Small molecule drugs that target the B-cell antigen receptor (BCR) signalosome show clinical efficacy in the treatment of B-cell non-Hodgkin lymphoma. These agents, including Bruton’s tyrosine kinase (BTK) inhibitor PCI -32765, show an unexpected response in patients with chronic lymphocytic leukemia (CLL): a rapid and sustained reduction in lymphadenopathy accompanied by transient lymphocytosis, which is reversible with the temporary withdrawal of the drug. We hypothesize that this clinical response reflects impairment of integrin-mediated adhesion and/or migration.
Here, we show that PCI-32765 strongly inhibits BCR-controlled signaling and α4β1 integrin-mediated adhesion to fibronectin and VCAM-1 of lymphoma cell lines and primary CLL cells. In addition, PCI-32765 also inhibits CXCL12, CXCL13, and CCL19-induced signaling, adhesion, and migration of primary CLL cells. Our data indicate that BTK inhibition by PCI-32765 outpaces BCR- and chemokine-controlled integrin-mediated malignant B cell retention and localization of malignant B cells in their lymph node and bone marrow microenvironment that support growth and survival. , resulting in a clinically evident CLL regression.
Chronic lymphocytic leukemia (CLL), the most common adult leukemia, is an incurable malignancy of mature B lymphocytes characterized by the accumulation of resting malignant B cells in peripheral blood and the presence of proliferating malignant B cells in the lymph nodes (LN ), spleen, and bone marrow (MO). It is well established that the tumor microenvironment plays an important role in the pathogenesis of CLL: various cytokines, chemokines, and adhesion molecules provided within the LN, spleen, and BM microenvironment, as well as signaling by the B cell antigen receptor (BCR), they play a fundamental role in the localization, growth, survival and drug resistance of CLL cells.

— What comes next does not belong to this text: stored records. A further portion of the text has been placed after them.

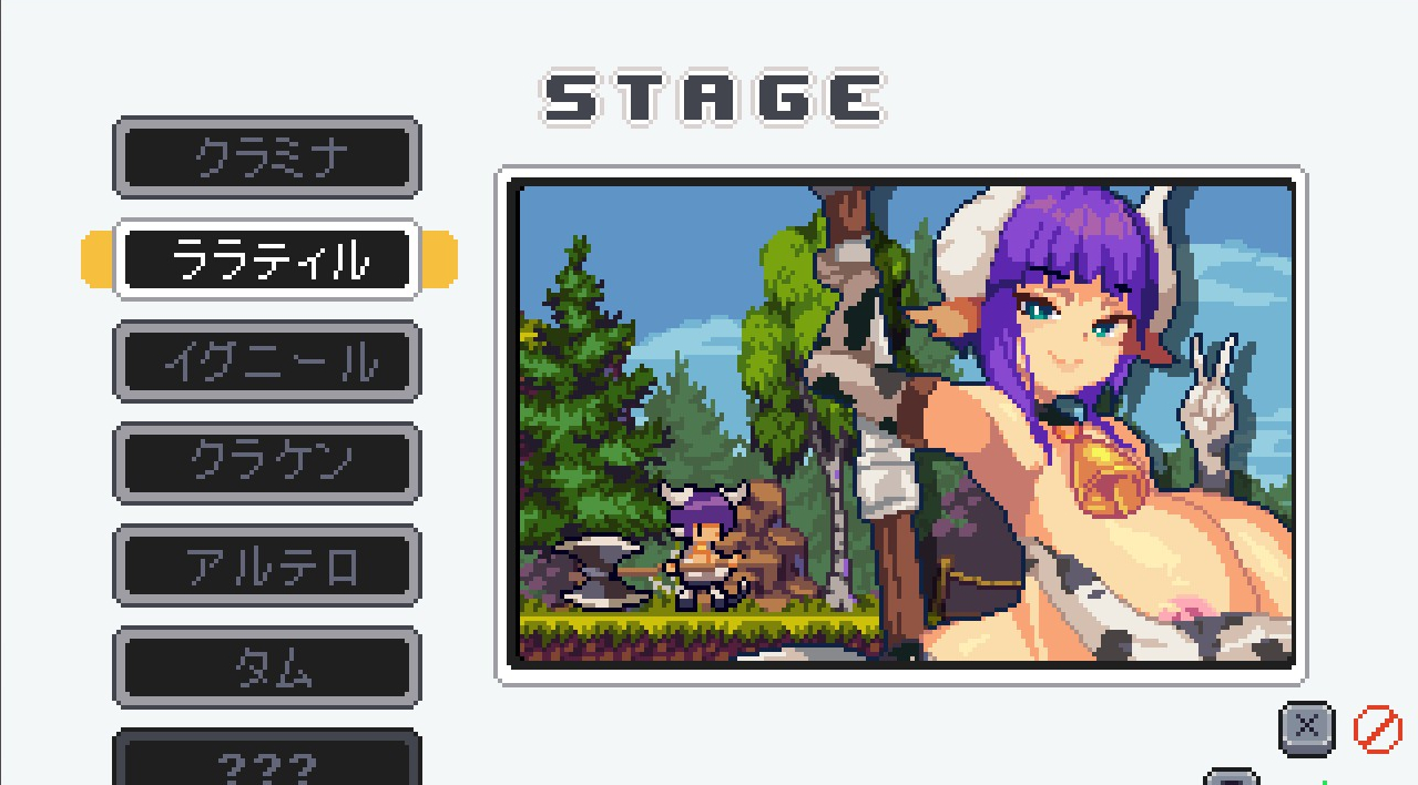 ▲7つのステージにはそれぞれに個性豊かな魔物娘が7人登場。ドット絵ながらセクシーさも超アピール!!
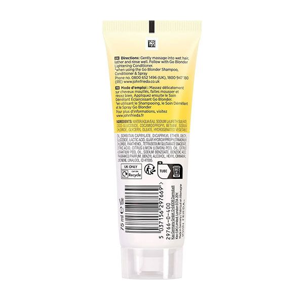 John Frieda Go Blonder este un șampon iluminator conceput special pentru îngrijirea părului blond, fie acesta natural sau tratat chimic. Formula sa delicată curăță eficient scalpul și firele de păr, contribuind la deschiderea treptată a nuanței pentru un aspect radiant și luminos, asemănător celui obținut prin expunerea la soare. Produsul include un complex botanic de citrice care ajută la fortificarea structurii capilare, reducând semnificativ riscul de rupere. Șamponul este vegan, nu conține silicon și este formulat cu ingrediente de origine naturală în proporție de 95%. Utilizarea regulată permite obținerea unei nuanțe mai deschise, oferind în același timp o senzație de prospețime datorită notelor revitalizante de citrice.
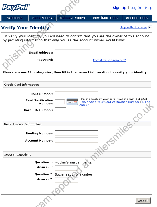 2. On the Verify Your Identity page, answer ALL of the questions, and click Submit.
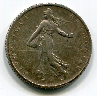 Banconota del 1930 con raffigurata una moneta da un franco del 1919 (1913 sulla mia moneta)

Because antigen-driven, chronic, or tonic BCR signaling is involved in the pathogenesis of most types of B-cell malignancies, the BCR signalosome provides a rational therapeutic target, even for CLL.9 BTK) is a particularly promising target: it is a key component of the BCR signaling pathway, it is only critical for B cells, and loss of BTK function is not lethal (eg, patients with X-linked agammaglobulinemia and Btk-deficient mice).
Indeed, the irreversible, orally-administered, potent, selective small molecule BTK inhibitor PCI-3276511 shows promising clinical activity in phase 1 and 2 studies in B-cell non-Hodgkin lymphoma, including complete or partial remission in a significant proportion of enrolled patients with diffuse large B-cell lymphoma, mantle cell lymphoma, and CLL.12-14
Interestingly, patients with CLL show an unexpected clinical response to treatment with PCI-32765: a rapid (in days) and sustained reduction of lymphadenopathy is accompanied by transient lymphocytosis, which is reversible after temporary withdrawal of the drug13 (R. Advani, JJB, and N. Fowler, unpublished observations, 2010).
In particular, some of the other effective small molecule drugs that target the BCR signaling pathway, namely the SYK (R788 / R406) and PI3K (CAL-101) inhibitors, show a similar response in clinical trials. with CLL.15,16 On the basis of our previous studies on B17-19 cell adhesion and migration, we hypothesized that this clinical response reflects the attenuated retention of the microenvironment and localization of CLL cells due to adhesion or BCR- or chemokine-controlled integrin-mediated migration.
Namalwa, Daudi, L363 or primary CLL cells from patients, pretreated for 1 hour with 1μM PCI-32765, were allowed to adhere to 96-well plates coated with fibronectin or VCAM-1 in the presence of anti-IgM, phorbol 12-myristate 13-acetate (PMA), or chemokines (CXCL12, CXCL13, or CCL19), or were allowed to migrate to these chemokines in VCAM-1 coated transwells, essentially as previously described.
For more details and others methods, see Supplementary Methods (available on Blood’s website; see Supplementary Materials link at the top of the online article). This study was carried out and approved by the Medical Committee for Human Experimentation of the Academic Medical Center. Informed consent was obtained in accordance with the Declaration of Helsinki.